Les marques mondiales ne sont plus aussi automatiquement désirables auprès des jeunes générations chinoises. La génération Z s’intéresse davantage à la personnalité de la marque, à son histoire, à ce qu’elle raconte sur Xiaohongshu, qu’à sa notoriété internationale, contrairement aux générations plus âgées.

Le cobranding cosmétique a changé d’échelle en 2025-2026
Ce qui était une pratique ponctuelle il y a trois ans est devenu un réflexe marketing. Un décompte publié par Jiemian recensait plus de 70 opérations de cobranding rien que dans le secteur beauté sur une période de sept mois. Ce n’est plus une poignée de coups médiatiques par an, c’est un canal marketing à part entière, avec son propre calendrier et ses propres budgets.

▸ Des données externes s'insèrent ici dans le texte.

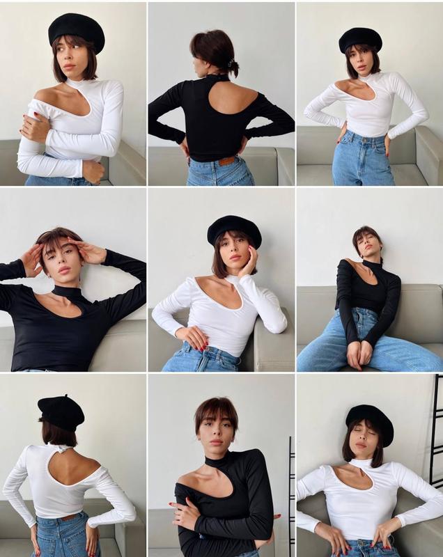 Лонгслів🔶 Мод 1354 bb📍виробник Одеса ▫️Тканина: мікродайвінг ▫️Розмір: 42-44 та 44-46 ▫️Колір : чорний та білий Супер стильний, обтягуючий лонгслів з трендовим декоративним вирізом та вшитим чокером Приємна до тіла, м‘яка тканина. Чокер застібається на кнопочку. 📌ЗАМІРИ ВИРОБУ (добре тягнеться): 42-44 / 44-46 ОГ 84-90 см / 90-96 см ОТ 62-68 см / 68-76 см Рукав 72 см / 72 см Довжина 52 см 🛒ВІДПРАВКА протягом 3-7 робочих днів‼️ Вартість 420 грн
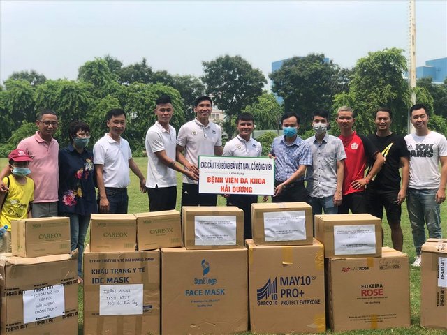 Văn Hậu , Quang Hải và Đức Chiến... đại diện cầu thủ Việt Nam cùng các cổ động viên trao tặng tiền và vật phẩm hỗ trợ cho Hải Dương phòng chống dịch COVID-19.
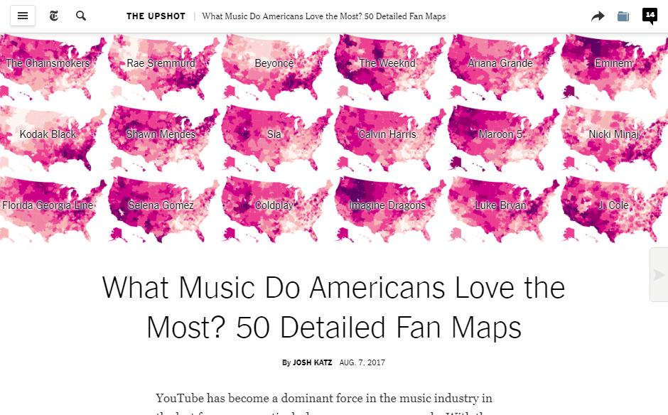 Curated Content Emails – There are dozens of email lists you can subscribe to for content inspiration. Two of my favorites are Data Is Plural (archives) and Numlock news (archives), both of which curate popular stories that focus on data analysis. These email blasts are a great way to see how a wide variety of publishers are covering data stories.

Deux évolutions structurelles expliquent cette accélération. La première : selon une analyse d’iClick sur les tendances beauté 2026, Douyin a dépassé Tmall comme premier générateur de ventes pour la catégorie beauté. Une collaboration bien pensée, filmée et diffusée en direct pendant un live, se transforme directement en panier d’achat, sans passer par une fiche produit classique. La seconde : la « skinification » du maquillage. Le consommateur chinois attend d’un rouge à lèvres ou d’un fond de teint qu’il soigne la peau, pas seulement qu’il la maquille. Une collaboration entre une marque de soin et une marque de couleur répond directement à cette attente, ce qui explique pourquoi tant d’opérations récentes mélangent les deux catégories.
Le point commun de ces collaborations qui marchent : elles empruntent une crédibilité que la marque étrangère n’a pas encore construite toute seule sur le marché chinois. C’est un raccourci de confiance, pas un coup de communication isolé.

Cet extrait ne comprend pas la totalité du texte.